◆ **What this task involves**: Your copy of the entries below should hold exactly the lines from the one containing "4年生は「それいけ!陽気な4" to the one containing "The place isn’t", inclusive, and no pictures.

Stored dataset items
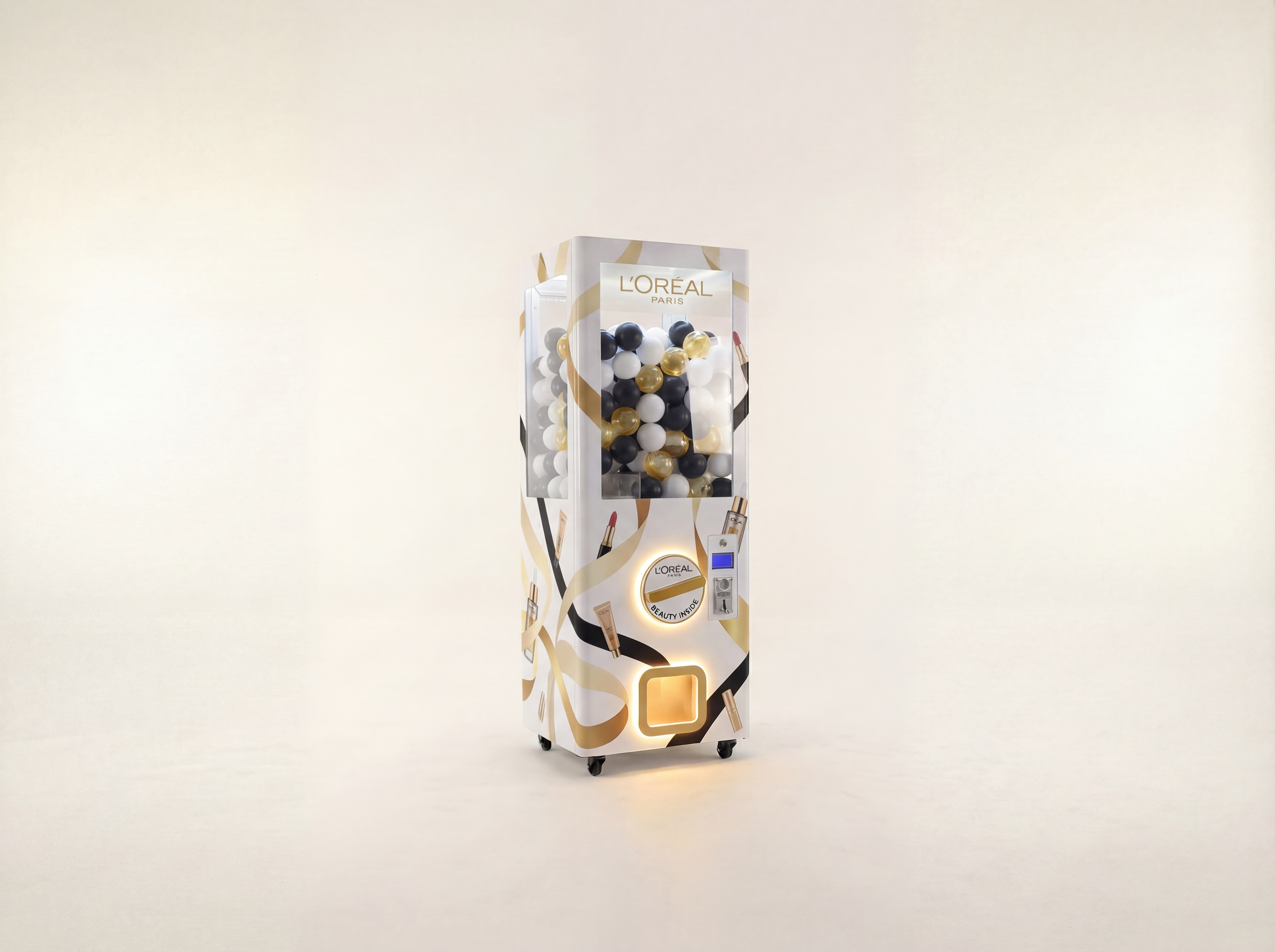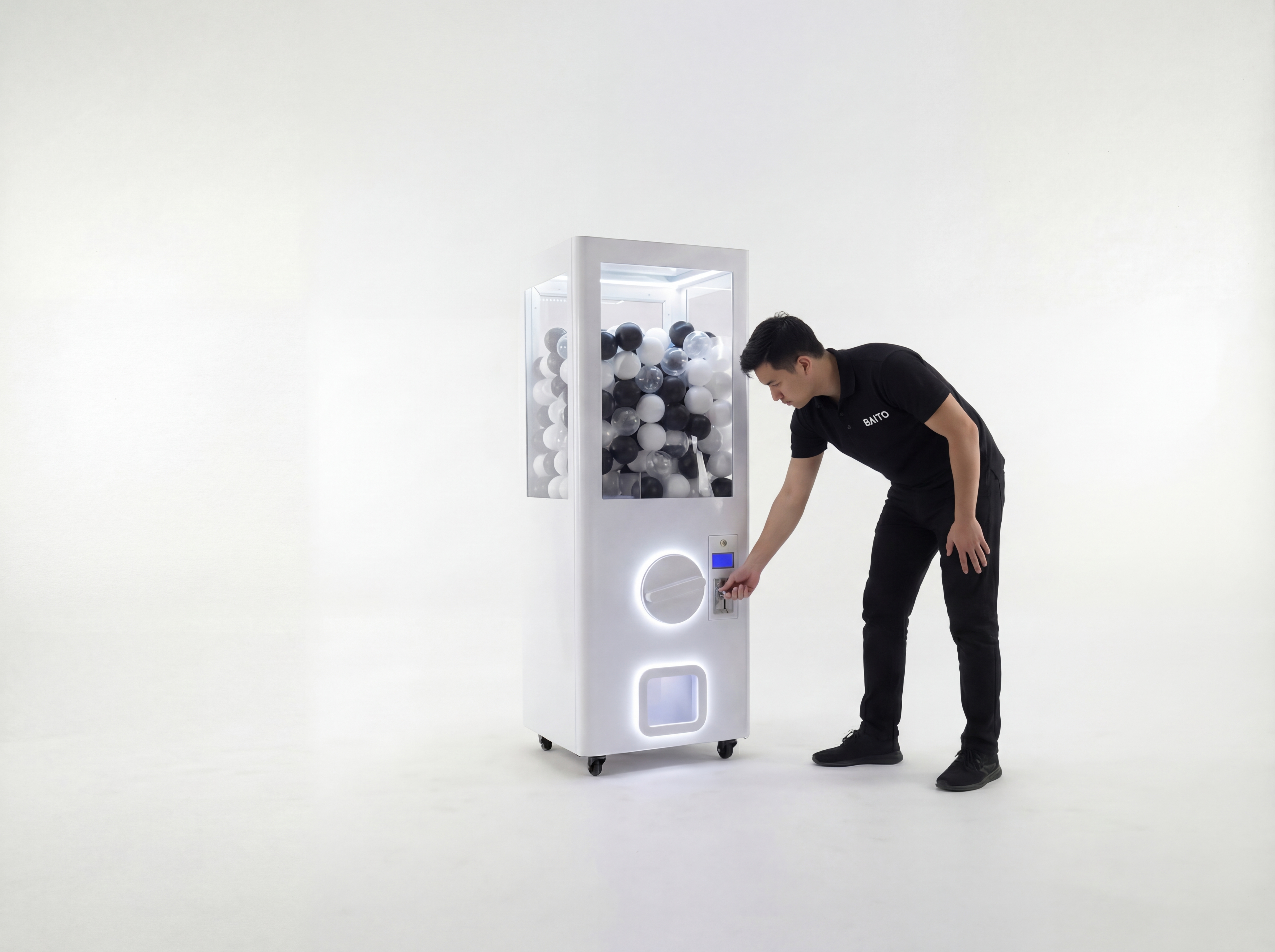 Guests insert a token (or press a button in free-play mode) and turn the dial to release a capsule containing a prize. The machine holds 300+ capsules and provides an exciting lucky draw experience.
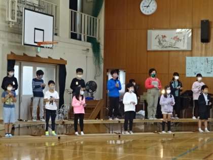 4年生は「それいけ!陽気な4年生」というテーマで発表しました。朝いちばんという悪条件の中でしたが,さすがパワーのある4年生。元気いっぱいに合奏や合奏を披露し,例年にはない静かな発表会の空気を盛り上げてくれました!
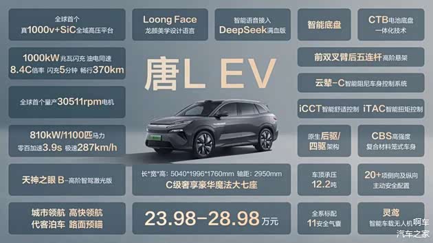 兆瓦闪充、3万转电机、激光雷达……等一堆比亚迪最先进的技术,全都落在新上市的 汉L、唐L车型上了,但它的售价就是介于20.98万元到28.98万元之间,你觉得香不香呢?
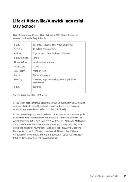 Daily Schedule at Mount Elgin School in 1851 (Sister School of
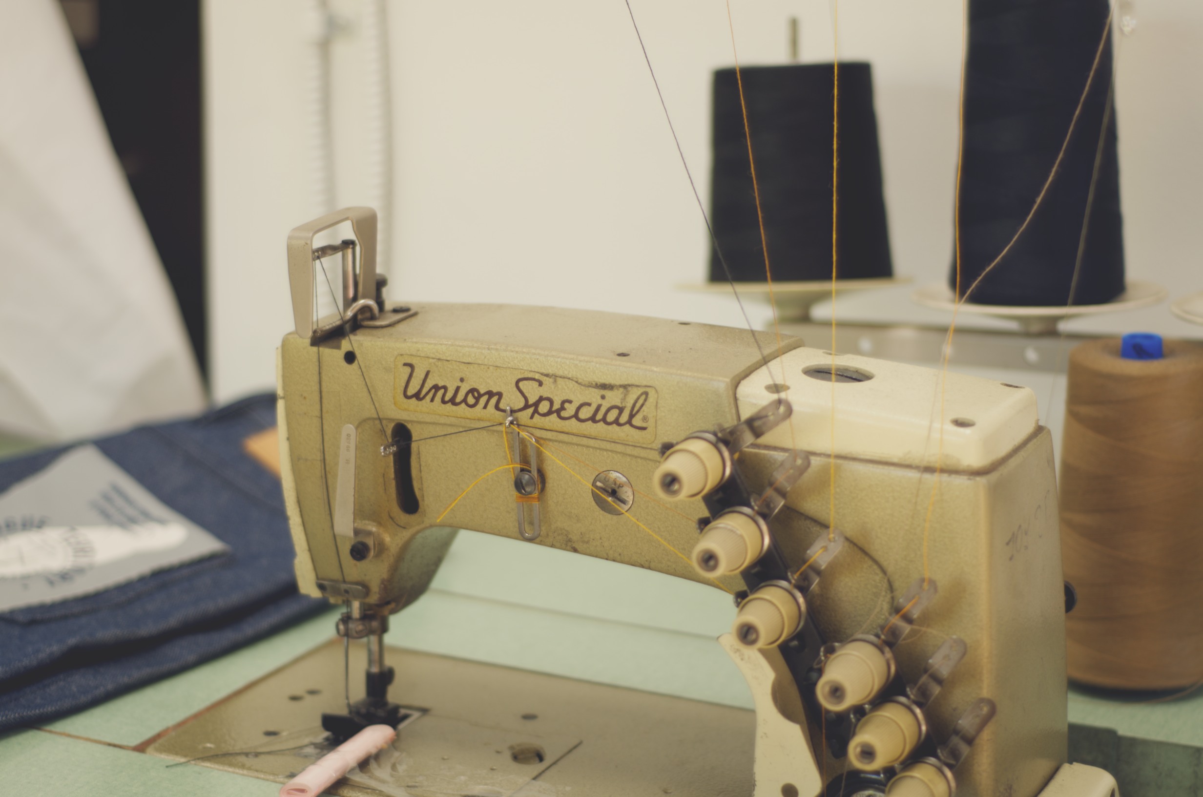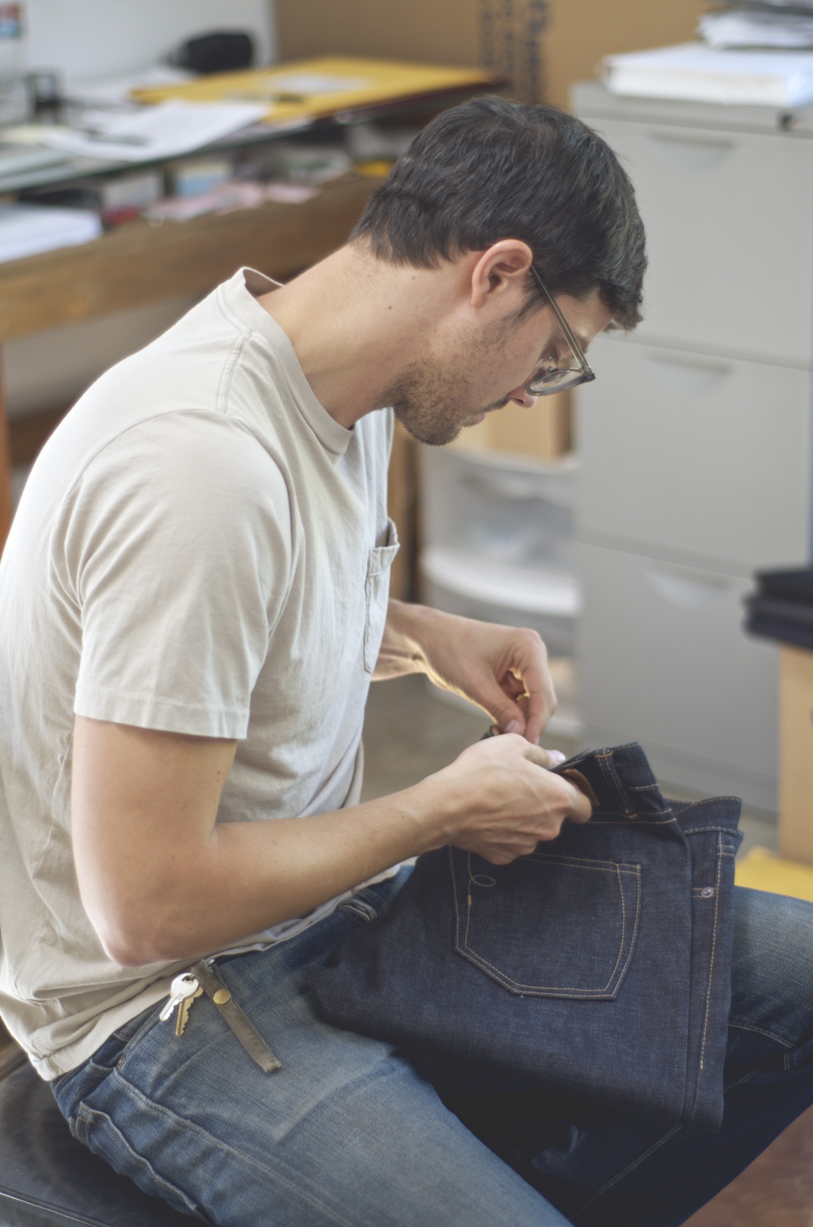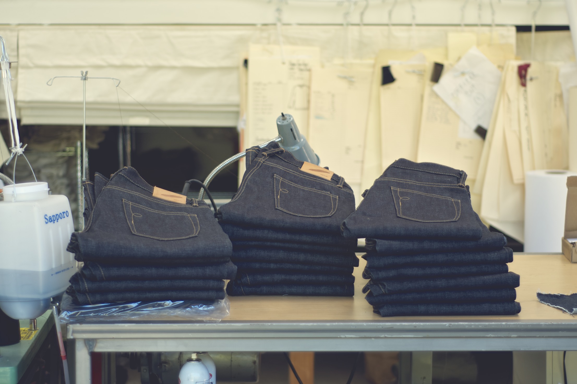 The place isn’t messy; you can tell he’s got a system going on somewhere beneath all of the fabric. I sat on the couch next to a few indigo dyed chore coats he’d been working on with a new type of pocket (it’s awesome, look for it soon (I hope)) and we talked about his start in the denim world:
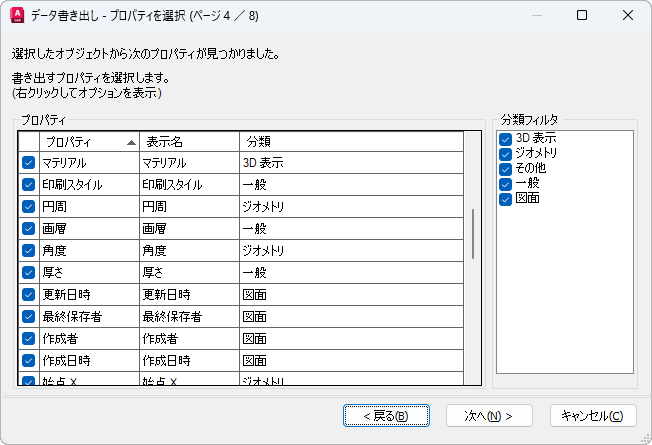 [プロパティ]一覧から書き出す分類を一覧表示します。チェック マークの付いていない分類でプロパティの一覧をフィルタします。分類には、3D 表示、属性、図面、ダイナミック ブロック、一般、ジオメトリ、その他、パターン、表、テキストがあります。

◆ **Answer to this task**:
 4年生は「それいけ!陽気な4年生」というテーマで発表しました。朝いちばんという悪条件の中でしたが,さすがパワーのある4年生。元気いっぱいに合奏や合奏を披露し,例年にはない静かな発表会の空気を盛り上げてくれました!
 兆瓦闪充、3万转电机、激光雷达……等一堆比亚迪最先进的技术,全都落在新上市的 汉L、唐L车型上了,但它的售价就是介于20.98万元到28.98万元之间,你觉得香不香呢?
 Daily Schedule at Mount Elgin School in 1851 (Sister School of
 The place isn’t messy; you can tell he’s got a system going on somewhere beneath all of the fabric. I sat on the couch next to a few indigo dyed chore coats he’d been working on with a new type of pocket (it’s awesome, look for it soon (I hope)) and we talked about his start in the denim world:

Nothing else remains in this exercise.